FINALIZE LOGISTICS. Read through the race instructions included in your race packet to confirm the start time, get directions to the starting line and parking area, ask about road closures, and review any other details you need (where bag check is, where you can meet your family), advises Katie McDonald Neitz, author of Runner’s World Guide to Road Racing. If you have any lingering questions, head to the help or info desk.
MINIMIZE WALKING. With business complete, enjoy the expo’s vendors but avoid this rookie mistake: Spending hours on your feet the day before a race and arriving at the start with tired, depleted legs.
DRIVE THROUGH THE COURSE. “I always want to see where I’m running,” Martin says. “That way there are no surprises…like a big hill in the last mile.” Touring the route also lets you scout the staging area and parking options, which makes it easier to navigate the next morning. If road closures prohibit driving the route, study the course map carefully. And see if the race offers bus tours of the course—many of the larger events do.
What to Do the Evening Before Your Race
FINAL PREP. Back at home or your hotel, review your racing items. “I pin the number on the singlet I’m going to wear,” says Martin. Make sure you have what you’ll want for breakfast -- eat the same meal you’ve eaten before training runs -- and note where you put the car keys.
CHILL OUT. Try to be off your feet and resting by mid to late afternoon. “I just try to make it a normal evening,” said Martin, who often makes business calls the night before the race and enjoys her usual pre-race dinner with her husband. Now is not the time to try new foods; eat the same meal you usually do before long runs. You might read a book, play a board game with the kids, put in a movie. “I recommend anything that will eliminate stress,” Puleo says. Anything, that is, except run a hard few miles on nervous energy. “I have a friend who does that,” Martin says. “And she wonders why her race times are never quite what she’d like.”
SET TWO ALARMS. And if you’re at a hotel, ask for an early wake-up call so you won’t lose sleep wondering if the alarm will go off or if you’ll hear it.
What to Do on the Morning of Your Race
Your Racing Day Checklist:
- Running Bra
- Bib Number
- Chip (if not a part of bib, which many are these days)
- Hat 10 Keys
- Watch (and/or GPS tracker)
- Fuel like gel or sports beans (if it’s a half or full marathon)
- Water (if you choose to carry some)
- Mobile phone or iPod (for music, if you choose)
- Headphones (if you want music)
ARRIVE EARLY. For large races, get there an hour or more before race time; that’s usually enough time to park, hit the Porta-John (remember what happened to Joe Puleo!), and head to the start.
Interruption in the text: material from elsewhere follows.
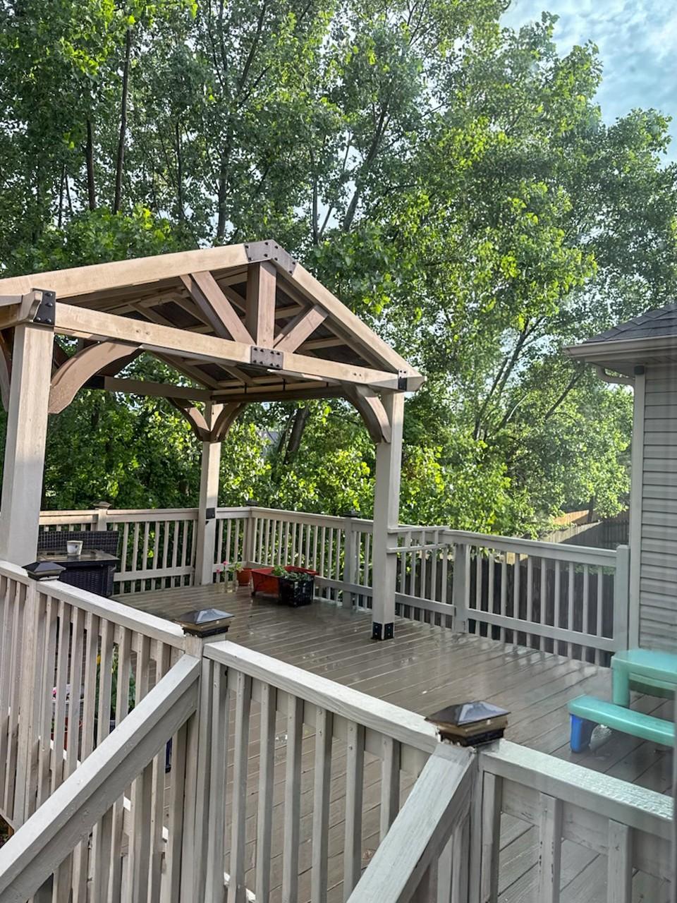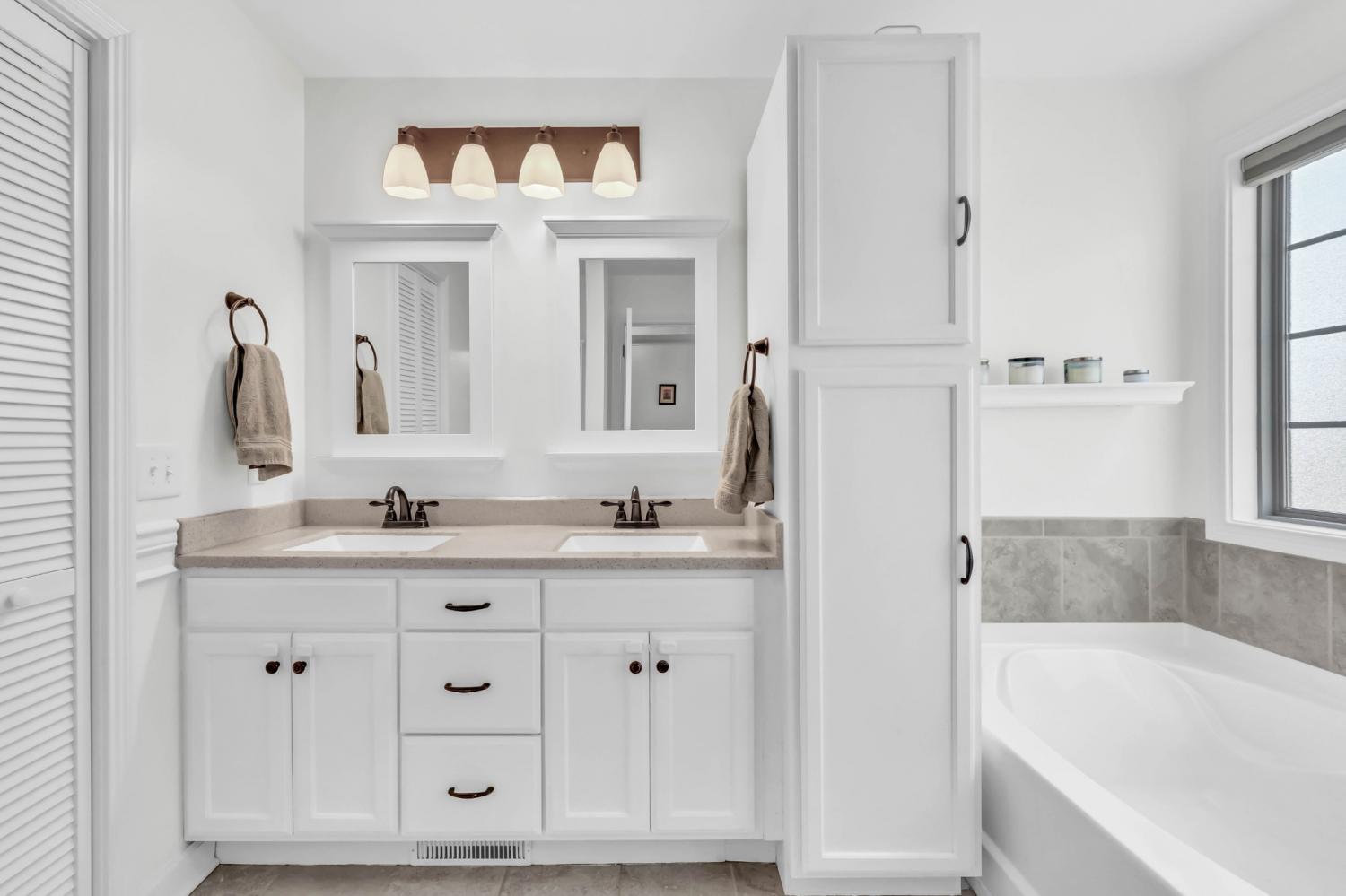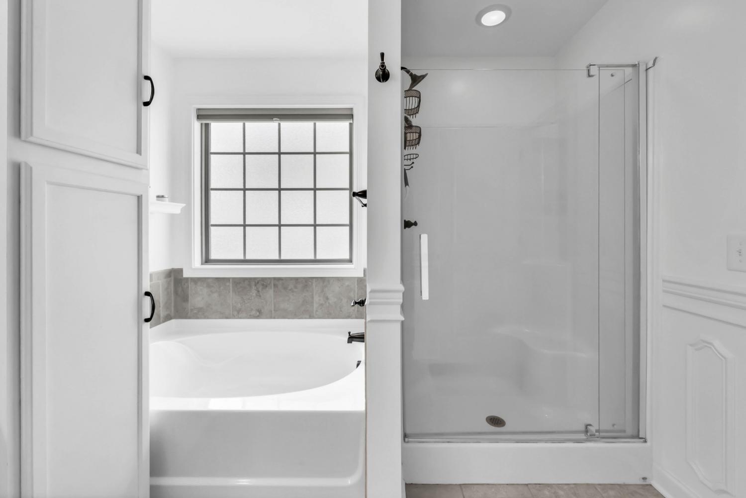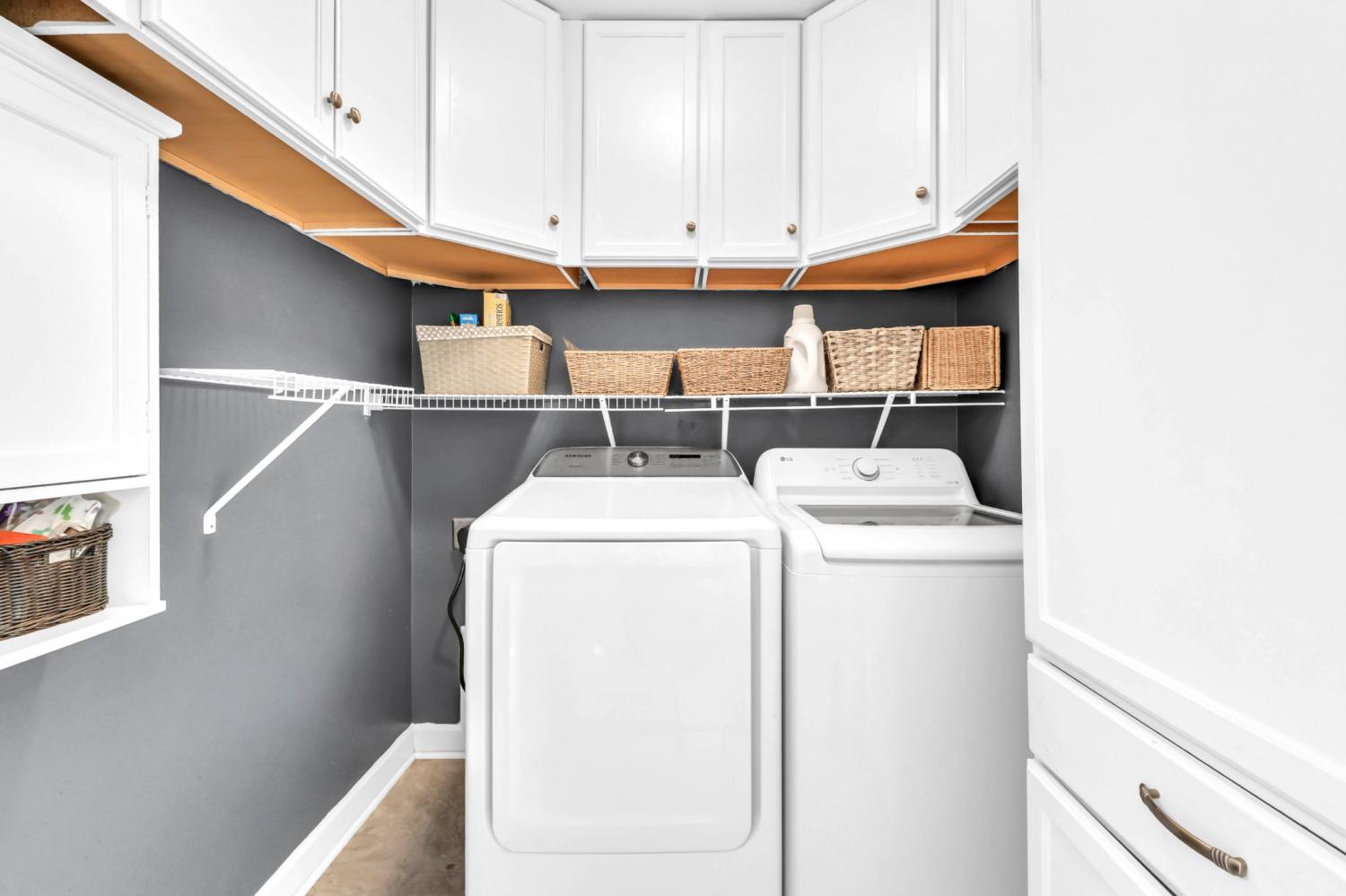 This neighborhood was designed to be at the center of everything – shopping, hospital, post and interstate. The home boasts stylish wainscoting throughout, adding a touch of elegance to every room. The kitchen is beautifully appointed with granite countertops, white cabinets, and a striking accent wall, complemented by light hardwood flooring. The primary bedroom features a sophisticated double tray ceiling and a decorative medallion, providing a luxurious atmosphere. In the primary bathroom, you'll find double vanities, a spacious walk-in closet, and both a separate tub and shower for ultimate comfort. The laundry room is exceptionally equipped, offering the most cabinets you are likely to see, providing ample storage and organization space. Outside, enjoy a pergola and deck ideal for relaxing or entertaining guests. Additional amenities include a storage shed and a tree-lined backyard.

WARM UP. Do a 10-minute brisk walk or jog to the start to wake up the muscles, says Neitz. Time it so that you arrive at the starting line 15 minutes before the gun.
SOAK IT IN. The energy you’ll feel in the moments leading up to the gun is exhilarating. Take a moment to appreciate it and congratulate yourself for making it to the start. If you feel nervous, take a few deep breaths, says Neitz, and think back on the training you’ve done. You’re ready. You’ve earned it. You know the road that lies ahead. Now go have the race of your life.